To quantitate binding/pausing of THP-1 cells on an activated or pretreated endothelial cell monolayer I initially developed a track analyzer for TrackMate (http://imagej.net/TrackMate). This analyzer is written in Java and takes advantage of the SciJava plugin framework enabled in TrackMate and Fiji. To use this analyzer to TrackMate, add the TrackSpotDwellingAnalyer-0.0.1-SNAPSHOT.jar to the plugins folder of your Fiji installation. When TrackMate loads it will automatically install this analyzer.

Brief description of use

After installing the .jar file, open your image file containing the data to be tracked. TrackMate’s segmentation strategy work better with positive contrast images (white on black)-invert if necessary (Edit->Invert). Launch TrackMate and begin by segmenting the THP-1s, a LoG detector is a good place to start for medium size objects. Blob diameter can be assessed empirically with the preview function. For poor contrast images and THP-1s at ~20x start at 15 px and a threshold of 250 with the median filter and subpixel localization on. Use the preview to visualize what objects/THP-1s are included or ignored.

Trackmate will let you then threshold THP-1s by quality, I have yet to begin adjusting this, but it may improve the segmentation in the long run. View the objects with the “HyperStack Displayer”-takes a few moments to be ready. The next window includes an interface to filter the spots to further improve the included objects. This is another area I have not exploited for this application-may be worth trying in the future.
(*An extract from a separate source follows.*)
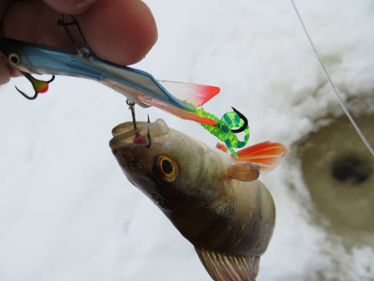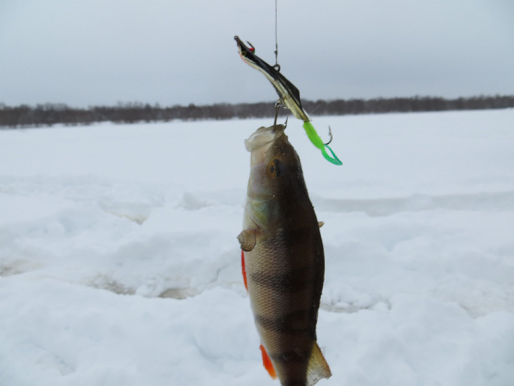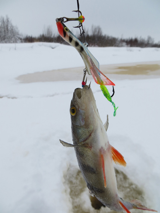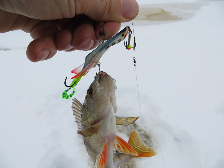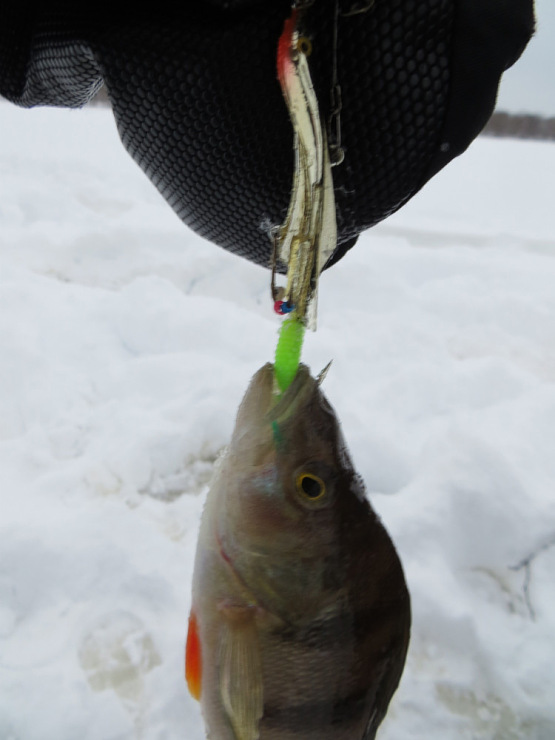И тоже на двойничок. Возможно, стало светлее, и окунь стал видеть нижнюю подвеску. Возможно, перевел атаку на более мелкий корм. Двойничок помельче тройничка и тем более виброхвоста.

The Tracking step is next. I have been using the “Simple LAP Tracker”. I chose this one as it excludes splitting and joining and the other options are too liberal or have poor perspective (only look between two frames). I’m hoping to replace this step with a version of the “Simple LAP Tracker” that takes into account two things, tracks cannot be created nor lost mid image( except at t0) and that all tracks must move left to right. I’ve yet to finish this implementation, but it is where we can make a substantial improvement. The Linking and Gap-closing max distance are both at 15 px and max frame gap of 0. As before I don’t apply any filters to the tracks as defined.

From this window we can extract the number of pauses. So what defines a pause? In this analysis it is any point during which the instantaneous velocity (velocity between two frames) is less than 90% of the maximum velocity of the entire track. In the display window you can follow these tracks by limiting frame depth and set the track color by the “Number of Pauses”. This is the new measurement the .jar adds. To extract the number of pauses for all tracks, hit the Analysis button. One of the three tables that opens includes “Track Statistics”. In this table each row is a track and each track has a column, “TRACK_DWELL_COUNT”. This is the variable I was plotting for each of the treatment conditions.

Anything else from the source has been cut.